Interviews

Jan Scholten interview with David Nortman (Part 3): Scientific Development of Homeopathy

Written by David Nortman

Thoughts about radionics, limitations of provings, and the future of homeopathy and more from Jan Scholten’s interview by David Nortman.

The video of this transcript is available here.

D:  So far we’ve spoken of homeopathy as a science, and even your speculative approach is still based on a scientific rationale. But there are also people in our profession that go beyond what I might call modern homeopathy to what I might call post-modern homeopathy, for instance using unorthodox approaches such as paper remedies or PC resonances. And the idea there is that such remedies are produced by projecting a person’s consciousness onto the water, rather than as traditionally prepared, through a reproducible method. So I’m interested in knowing whether you’ve used such remedies at all yourself?

J:  No, I don’t use those remedies. I keep myself to real, basic homeopathic remedies.

D:  Ahm.
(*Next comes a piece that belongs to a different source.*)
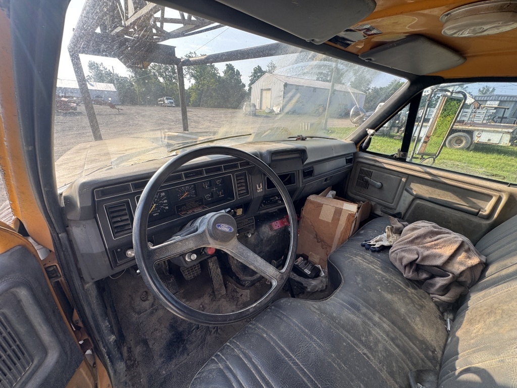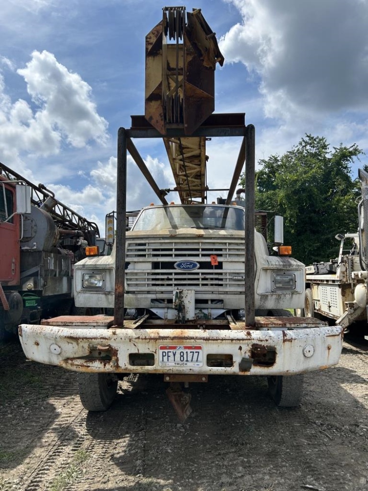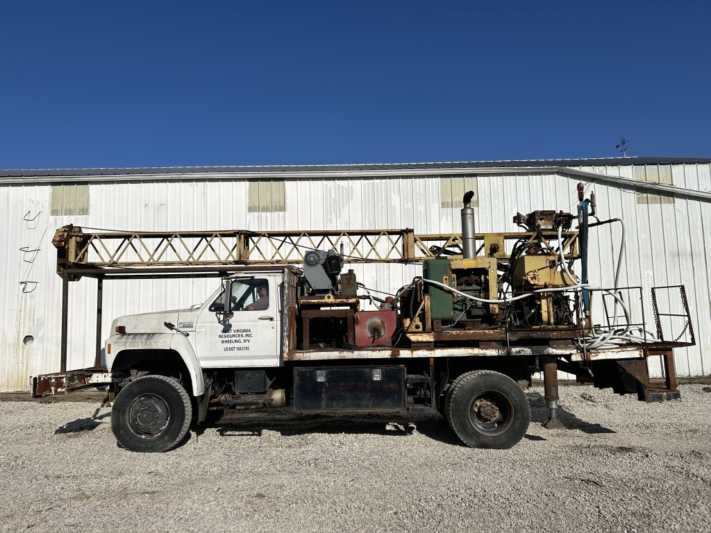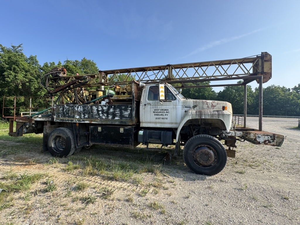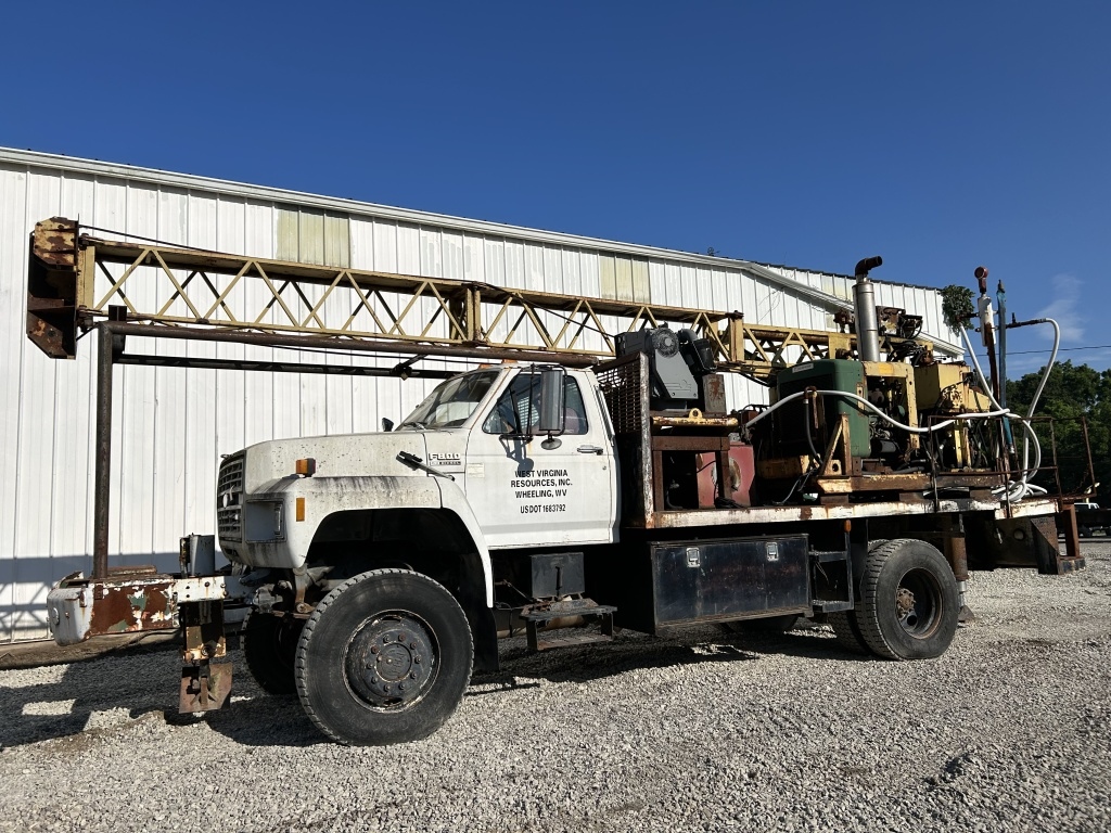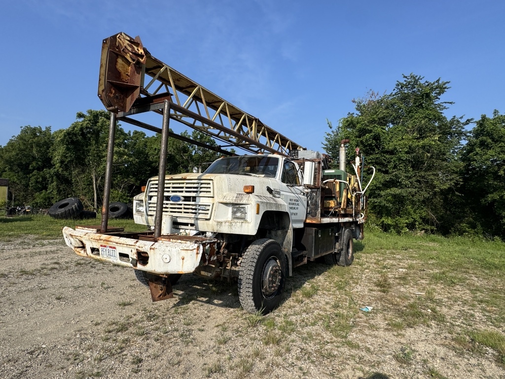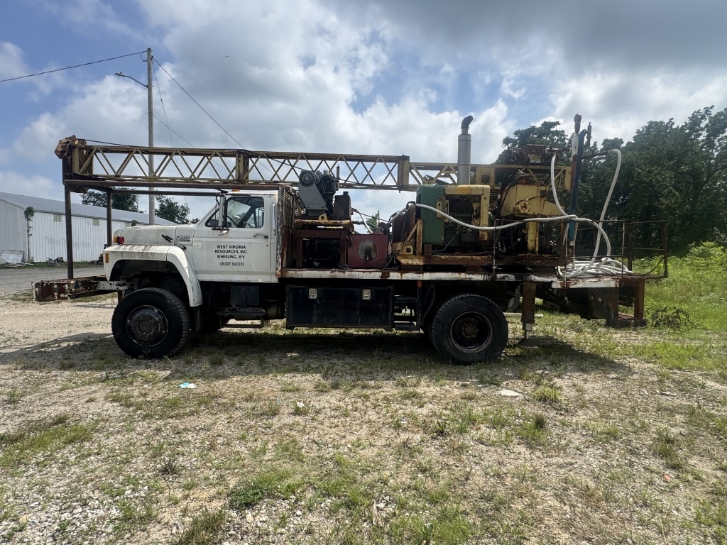 1990 FORD F800 DIESEL DRILLING RIG, WHITE CAB MODEL:F800 VIN#1FDXK84A7MVA11530, 499114 MILES ON TRUCK, DETROIT ENGINE ON BED SET UP FOR CORE DRILLING NEW BATTERIES AND GOOD TIRES

So I’m curious, How come?

J:  There are also people who use radionics, things like that. And sometimes it would be easy for me because I want to prescribe sometimes remedies that I cannot get, and then with radionics you can make that.

D:  Right.

J:  But I decided not to do that, because of two reasons for it: first is that I will lose some credibility for a lot of people, and knowing I can say: You know, this is really a homeopathic remedy that we tried, there’s no question about what it is. And with radionics, and also this paper remedies, there are questions what are you really prescribing.

D:  Yea.

J:  So, I think it’s one step too far ahead. And I don’t have experience with it, but I know from quite a lot of homeopaths who say that it works and they have good experience with it.

D:  Ahm. So is science, or is it shamanism? Where do you place…

J:  Good shamanism is science.

D:  Sure. And yet you don’t practice that. So that’s what I’m trying to understand what makes you ultimately stick with…?

J:  The whole thing is that you cannot split consciousness from life. And that’s even the case in physics, where the consciousness of the experimenter influences the experiment. So the whole idea that it shouldn’t be possible is unscientific.

D:  OK, so you believe it’s possible but yet…?

J:  But I don’t do it, because I’m busy with the scientific development, and it would interfere with that.

D:  Right.

J:  And it could very well be that it works, but I don’t know for the moment from my own experience.

D:  OK. So it may be something that you perhaps might be open to exploring at a later stage of development of homeopathy as a science?

J:  Could be, or for instance when I’m desperate, and a case where a patient dying and I want to have a remedy, maybe I could do it. You know, you don’t want to wait two months when you die tomorrow. But the other thing is that it won’t develop our science further.

D:  Ahm. And that’s a very interesting point.

J:  Because you prescribe it, but you never know what you have done. You know, the whole idea of classification: when I would have done with paper remedies, what would people have said? And you’re not grounded enough… you have to have a good grounding to become more subtle. You don’t start with subtle, you know, your basis has to be firm. And then the upper part of your building can be very light; but not the lower part of it.

D:  OK, and you’re still building the foundations.

J:  Yea.

D:  Now, despite what you’ve just said, you still dance on the edge of the avant-garde through your sense provings.

J:  Ahm.

D:  So could you describe, first of all, what it is, and then how do you justify it as compared to more elaborate provings, whether they be full provings or partial, conventional provings?

J:  Sense provings, how I do it, is I do it mostly with plants. I think you can also do it with animals, but I’m not busy with that. You take just the plant with you, and the name, and you start looking at it, smelling it, tasting it, getting as much impressions from the plant as you can get. And then meditate on it and see what impresses you about it. And that’s how it’s done. And you can do it in half an hour or an hour. You can do it as a group, you can do it alone, there are different forms. I started doing it when I was in Bali once on retreat, and then there was a story of an old herbologist who was a doctor there, and he was, I think, a century ago or something. He was not content with what he was doing. So he almost skipped [quit]. But then someone said “No, no you cannot skip, you have to continue! And when you don’t know what it is, ask the plants themselves what they do.” So he started talking to the plants. And of course when you hear about talking to the plants people say it’s nonsense because plants don’t talk. But talking to the plants for those people is a more extensive way of communicating with the plant. And when you taste the plant you get a kind of impression of it. When you eat a pepper, you know when you have a pepper. It’s a kind of communication.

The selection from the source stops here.